The whole listing should come back exactly as written, except for the pictures.

DATASET ENTRIES:

::::

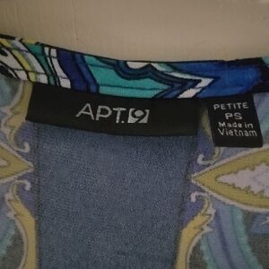 Like new-Elegant blue patterned dress perfect for any occasion. Features intricate designs for a stylish look. Smoke free home.
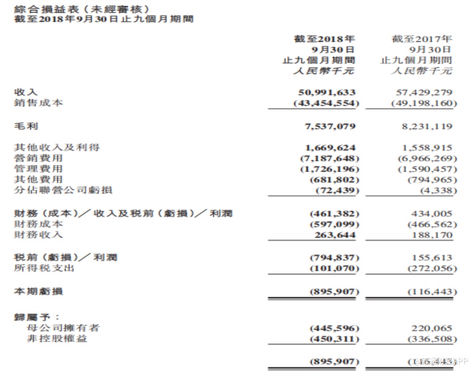 具体到业绩端,集团期内实现营收509.9亿元人民币(单位下同),同比下降11.2%至;综合毛利率同比提升1个百分点至18.1%,同比提升1.1个百分点,环比提升0.8个百分点。归属于母公司拥有者应占亏损为4.5亿元。
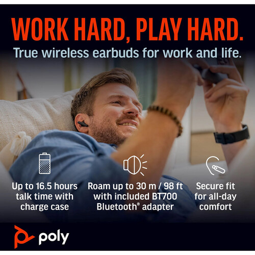 These earbuds offer multipoint support for connecting up to two devices at once, such as your smartphone and laptop. The supplied USB-A dongle plugs directly into a compatible computer or mobile device to ensure wireless connectivity for older devices. The wireless Qi charge-compatible charging case features a common USB-C connection for 3 hours of charging, or a 15-minute fast charge for 1.2 hours of talk, and also includes a 3.5mm audio input, so you can enjoy content, like inflight entertainment, with wireless convenience. The Voyager Free 60+ UC includes three pairs of silicone eartips (small, medium, large), a USB-C to USB-A charging cable, a BT700 USB-A Bluetooth adapter, and a USB-C to 3.5mm audio cable.
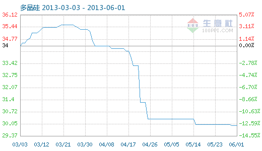 6月1日多晶硅商品指數(shù)為29.94,與昨日持平,較周期內(nèi)最高點100.00點(2011-09-08)下降了70.06%,較2012年12月24日最低點29.12點上漲了2.82%。 日期 03-03 03-12 03-21 03-30 04-08 04-17 04-26 05-05 05-14 05-23 06-01 商
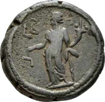Dikaiosyne standing facing, head left, holding scales and cornucopia
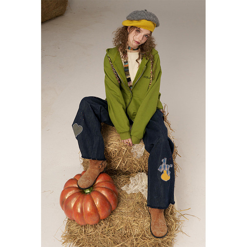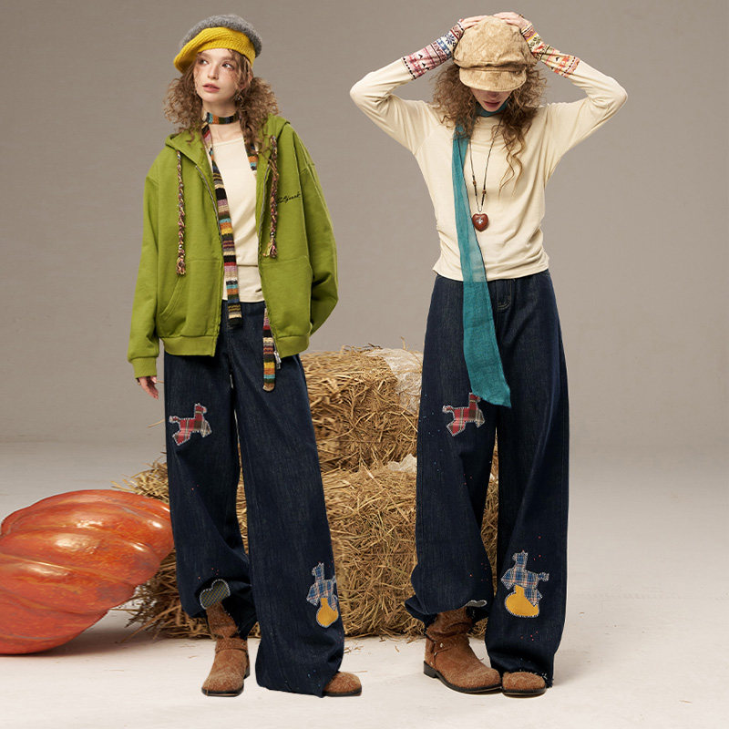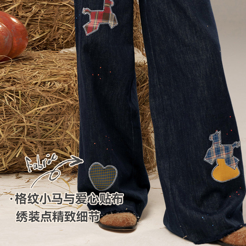 妖精的口袋复古贴布绣高腰直筒牛仔裤女2025秋冬新款显瘦阔腿裤子
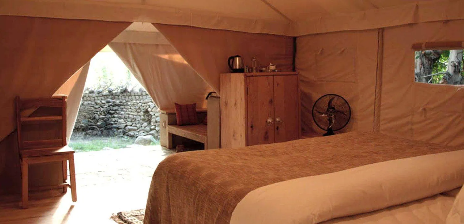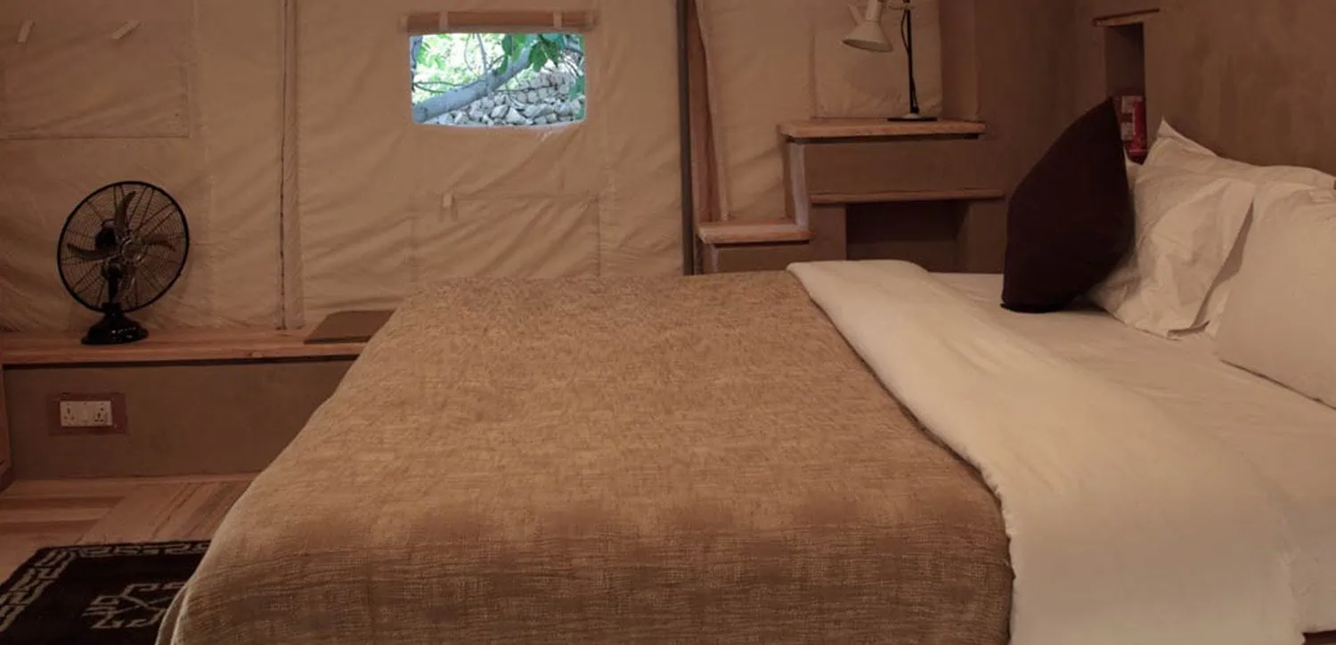 Our Double Tents features a large, comfortable King size bed (2m x 2m). Upto two additional guests can be accomodated upon request at the time of booking.
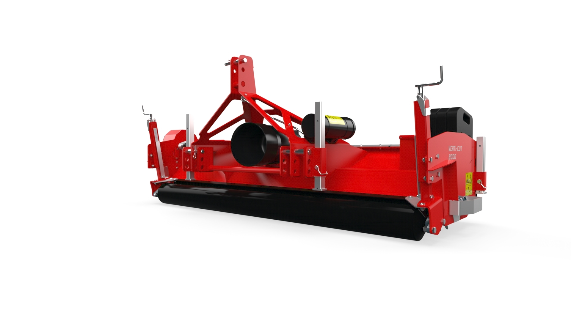 The Verti-Cut 2000® is the ideal deep scarification tool, the 2mm (0.07”) wide blades work to a depth of 50mm (1.9”). The front roller not only allows the Verti-Cut to cope with undulations but also controls the working depth with precision. Blade spacing can be changed with the optional spacer kit.
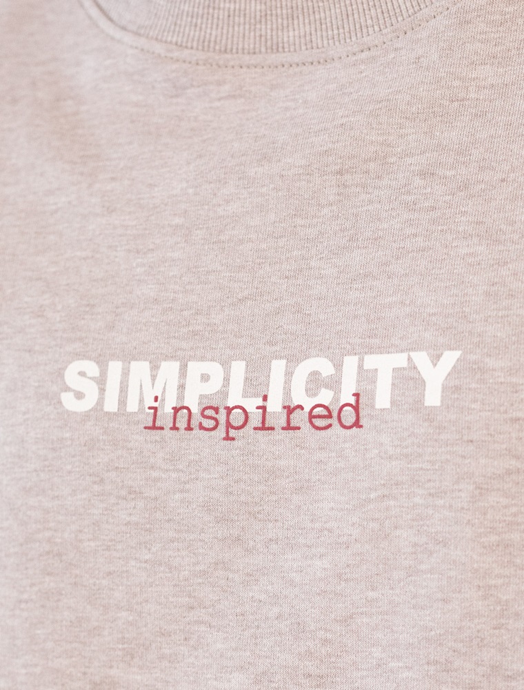 Свитшот выполнен из эластичного футера трехнитки-петля. Авторский принт нанесен фактурными красками с устойчивым покрытием. Перевод: Simplicity inspires - вдохновляясь простотой. Мягкая и очень удобная модель, не сковывающая движений, идеально подойдет для повседневного аутфита. Внизу изделия нашивка из эко-кожи с логотипом бренда.
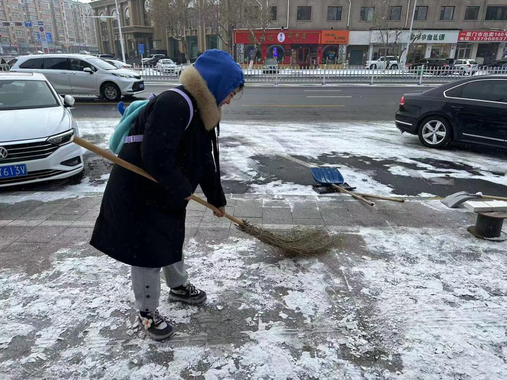 因齐齐哈尔地区大量降雪使小区内地面湿滑,积雪较多,老人行动不便 青工委员张超带领同学们清扫地面积雪。解决了老人雪天出行困难等问题。在这个过程中,大学生们不仅可以收获实践经验和个人成长,更可以发挥自己的专业知识和技能为社会做出更大的贡献。他们的积极参与也将有助于推动社会治理的进步和公益事业的发展,为构建更加和谐、美好的社会贡献自己的力量。

::::

ANSWER:
 Like new-Elegant blue patterned dress perfect for any occasion. Features intricate designs for a stylish look. Smoke free home.
 具体到业绩端,集团期内实现营收509.9亿元人民币(单位下同),同比下降11.2%至;综合毛利率同比提升1个百分点至18.1%,同比提升1.1个百分点,环比提升0.8个百分点。归属于母公司拥有者应占亏损为4.5亿元。
 These earbuds offer multipoint support for connecting up to two devices at once, such as your smartphone and laptop. The supplied USB-A dongle plugs directly into a compatible computer or mobile device to ensure wireless connectivity for older devices. The wireless Qi charge-compatible charging case features a common USB-C connection for 3 hours of charging, or a 15-minute fast charge for 1.2 hours of talk, and also includes a 3.5mm audio input, so you can enjoy content, like inflight entertainment, with wireless convenience. The Voyager Free 60+ UC includes three pairs of silicone eartips (small, medium, large), a USB-C to USB-A charging cable, a BT700 USB-A Bluetooth adapter, and a USB-C to 3.5mm audio cable.
 6月1日多晶硅商品指數(shù)為29.94,與昨日持平,較周期內(nèi)最高點100.00點(2011-09-08)下降了70.06%,較2012年12月24日最低點29.12點上漲了2.82%。 日期 03-03 03-12 03-21 03-30 04-08 04-17 04-26 05-05 05-14 05-23 06-01 商
Dikaiosyne standing facing, head left, holding scales and cornucopia
 妖精的口袋复古贴布绣高腰直筒牛仔裤女2025秋冬新款显瘦阔腿裤子
 Our Double Tents features a large, comfortable King size bed (2m x 2m). Upto two additional guests can be accomodated upon request at the time of booking.
 The Verti-Cut 2000® is the ideal deep scarification tool, the 2mm (0.07”) wide blades work to a depth of 50mm (1.9”). The front roller not only allows the Verti-Cut to cope with undulations but also controls the working depth with precision. Blade spacing can be changed with the optional spacer kit.
 Свитшот выполнен из эластичного футера трехнитки-петля. Авторский принт нанесен фактурными красками с устойчивым покрытием. Перевод: Simplicity inspires - вдохновляясь простотой. Мягкая и очень удобная модель, не сковывающая движений, идеально подойдет для повседневного аутфита. Внизу изделия нашивка из эко-кожи с логотипом бренда.
 因齐齐哈尔地区大量降雪使小区内地面湿滑,积雪较多,老人行动不便 青工委员张超带领同学们清扫地面积雪。解决了老人雪天出行困难等问题。在这个过程中,大学生们不仅可以收获实践经验和个人成长,更可以发挥自己的专业知识和技能为社会做出更大的贡献。他们的积极参与也将有助于推动社会治理的进步和公益事业的发展,为构建更加和谐、美好的社会贡献自己的力量。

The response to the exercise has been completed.